In our sample, the majority of patients with PPA were women, which suggests the presence of sex-related vulnerability, as already reported in previous studies in which a male predominance in the semantic subtype and female prevalence in the nonfluent subtype were observed.[28,29] Moreover, GRN mutations were overrepresented in patients with language variants, which reflects a peculiar role of the GRN gene in language networks.[30]
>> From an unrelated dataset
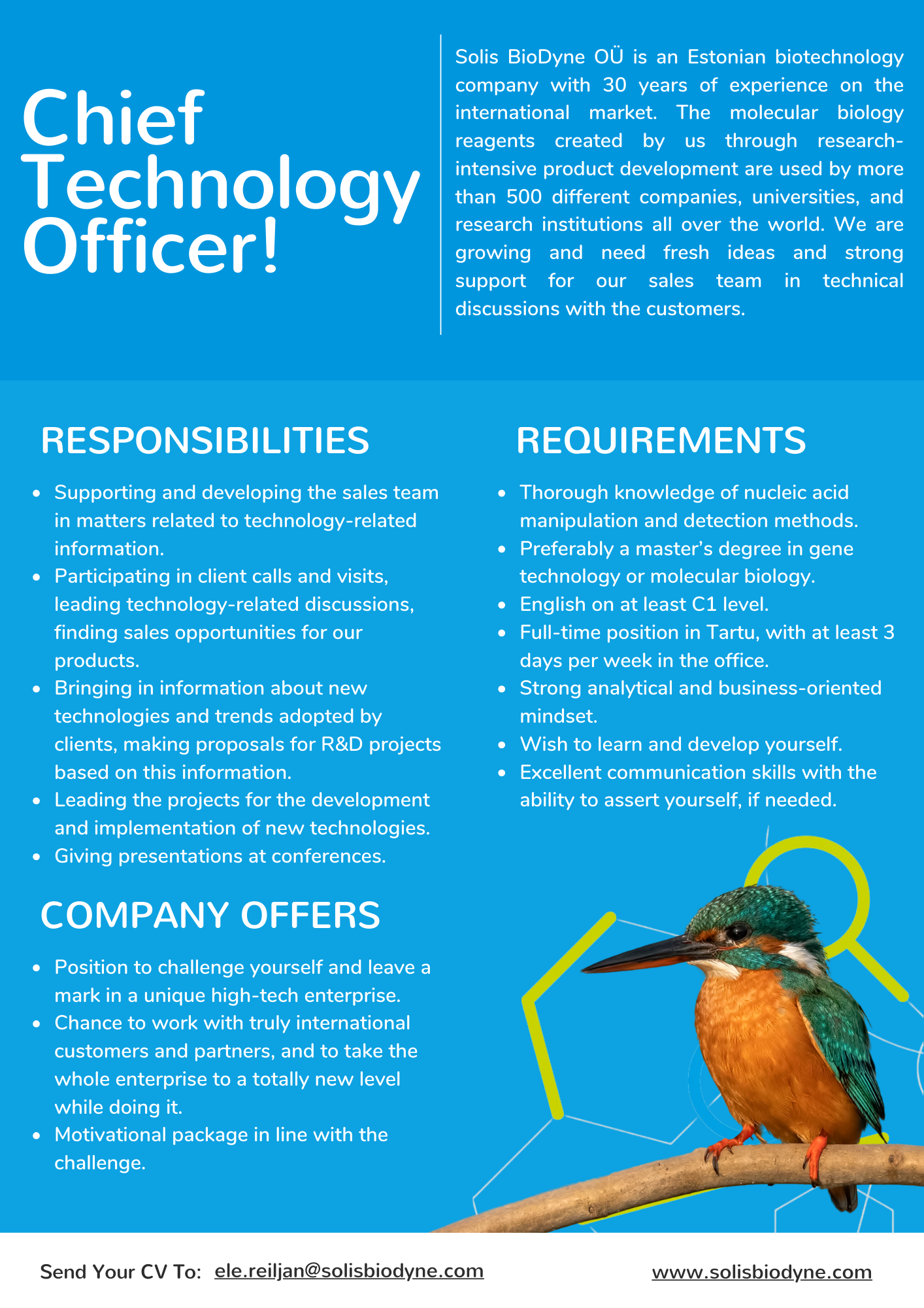 Solis BioDyne OÜ is an Estonian biotechnology company with 30 years of experience on the international market. The molecular biology reagents created by us through research-intensive product development are used by more than 500 different companies, universities, and research institutions all over the world. We are growing and need fresh ideas and strong support for our sales team in technical discussions with the customers.

To further explore genetic susceptibility to language impairment in FTD, functional genetic variations within 3 genes involved in language disabilities, in particular KIAA0319 rs17243157 G/A, DCDC2 rs793842 A/G, and CNTNAP2 rs17236239 A/G, were analyzed with respect to their effect on brain structures and the correlation with cognitive performances. It is noteworthy that, of all 3 genes, only the KIAA0319 A* (GA or AA) genotype was demonstrated to influence brain damage in language areas, therefore supporting the specificity of the results. No specific patterns of greater atrophy were identified as associated with DCDC2 and CNTNAP2 polymorphisms, although we cannot exclude the possibility that with a larger patient sample or different approaches, an effect of these genes could also be found in patients with FTD.
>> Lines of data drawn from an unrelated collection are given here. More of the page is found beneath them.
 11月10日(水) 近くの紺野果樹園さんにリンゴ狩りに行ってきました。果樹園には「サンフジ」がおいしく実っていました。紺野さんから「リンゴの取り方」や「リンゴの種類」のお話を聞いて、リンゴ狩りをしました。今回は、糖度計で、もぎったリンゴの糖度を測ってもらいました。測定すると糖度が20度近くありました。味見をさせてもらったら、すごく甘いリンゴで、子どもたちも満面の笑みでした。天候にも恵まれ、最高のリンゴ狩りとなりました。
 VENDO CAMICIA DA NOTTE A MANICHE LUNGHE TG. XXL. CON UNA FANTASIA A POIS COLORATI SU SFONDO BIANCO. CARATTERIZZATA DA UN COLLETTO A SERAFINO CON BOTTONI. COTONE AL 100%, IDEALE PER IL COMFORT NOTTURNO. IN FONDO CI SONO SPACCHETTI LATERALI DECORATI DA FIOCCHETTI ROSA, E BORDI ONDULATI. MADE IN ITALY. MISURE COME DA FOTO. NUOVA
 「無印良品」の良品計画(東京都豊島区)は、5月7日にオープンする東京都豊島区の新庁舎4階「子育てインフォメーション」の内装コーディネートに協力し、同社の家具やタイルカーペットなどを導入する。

KIAA0319 functional polymorphism was shown to determine GM atrophy in the left inferior and middle temporal gyri and WM involvement in the middle temporal gyrus and to be associated with the semantic fluency test and the short story scores. Of note, these results were stronger in patients with PPA than in those with bvFTD. Furthermore, in patients with PPA carrying the at-risk KIAA0319 polymorphism, damage of the left temporal lobe showed an interhemispheric and intrahemispheric breakdown with the rest of the brain.

The areas found to be affected by KIAA0319 genetic variation are known to be one of the hubs of phonological, articulatory planning, and syntactic processes and are most notably affected in patients with dyslexia.[31] Accordingly, several independent studies reported that KIAA0319 allelic variants were associated with different reading and spelling abilities,[13,32] being able to reduce KIAA0319 gene expression, and affecting neuronal migration in the developing neocortex.[14] In healthy controls, KIAA0319 polymorphism was shown to influence asymmetric functional activation of superior temporal sulcus, suggesting its role in modulation and lateralization of phonemic process.[15]

Our results further contribute to understanding of the effect of KIAA0319 on language networks in patients with FTD and have major relevance for those who present prominent language deficits at disease onset. A major limitation of the study is the lack of neuropathologic confirmation. Indeed, the results we reported are not necessarily about PPA caused by a specific neuropathologic substrate, and further studies could explore whether the dyslexia genes may also influence brain atrophy in other neurodegenerative conditions, including lvPPA and Alzheimer dementia. Unfortunately, we have no reliable information on learning disabilities in these patients,[33] in part because the diagnosis of learning disabilities is relatively recently recognized.

These findings shed light on genetic predisposition in defining how a disease process becomes distributed asymmetrically and how it targets language networks. Indeed, the identification of a possible genetic risk factor for language deficits in FTD represents a possible molecular target for the development of disease biomarkers or future therapeutic strategies.